Dataset content
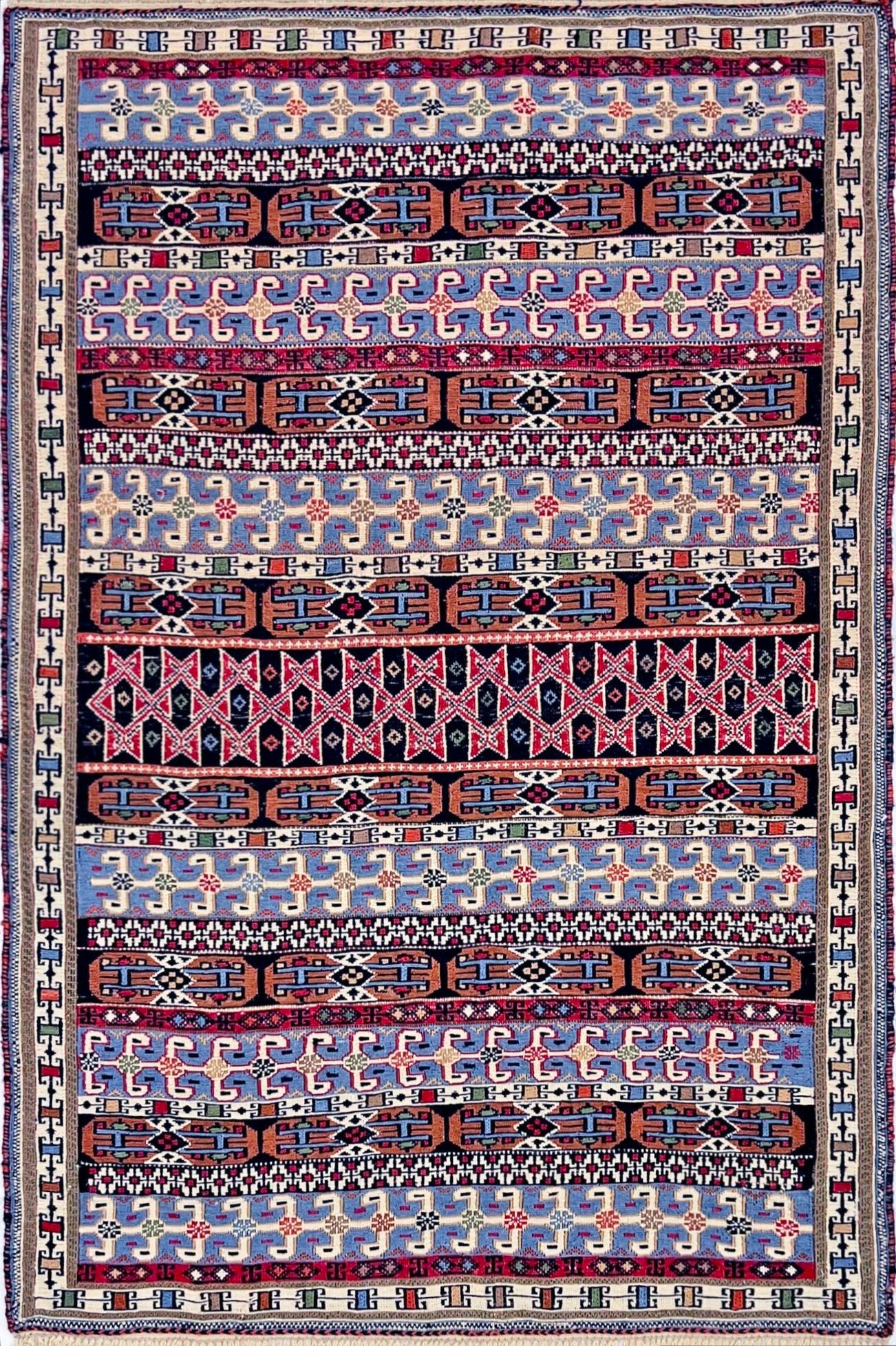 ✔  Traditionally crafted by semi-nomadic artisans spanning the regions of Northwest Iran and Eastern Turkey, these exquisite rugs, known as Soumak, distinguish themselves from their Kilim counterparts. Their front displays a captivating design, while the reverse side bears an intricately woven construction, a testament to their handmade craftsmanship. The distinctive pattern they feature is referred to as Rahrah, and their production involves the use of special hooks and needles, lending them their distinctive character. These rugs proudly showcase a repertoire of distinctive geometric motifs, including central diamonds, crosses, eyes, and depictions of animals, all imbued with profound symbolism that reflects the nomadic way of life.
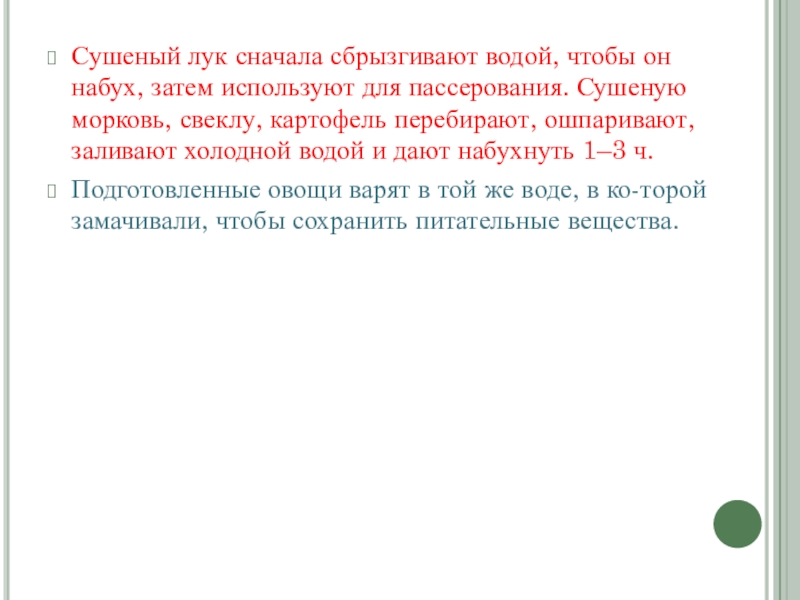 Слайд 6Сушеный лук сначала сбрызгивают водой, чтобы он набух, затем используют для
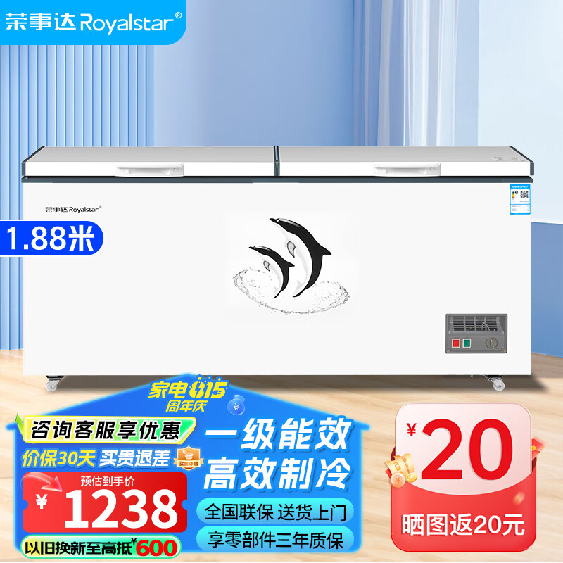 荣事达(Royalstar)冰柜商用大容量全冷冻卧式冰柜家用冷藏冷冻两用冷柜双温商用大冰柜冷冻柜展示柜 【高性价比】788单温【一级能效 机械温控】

Requirement
Lines from the one with "Слайд 6Сушеный лук" through the final line of the listing above: copy them exactly, both ends included, and omit every picture.

Exercise result
 Слайд 6Сушеный лук сначала сбрызгивают водой, чтобы он набух, затем используют для
 荣事达(Royalstar)冰柜商用大容量全冷冻卧式冰柜家用冷藏冷冻两用冷柜双温商用大冰柜冷冻柜展示柜 【高性价比】788单温【一级能效 机械温控】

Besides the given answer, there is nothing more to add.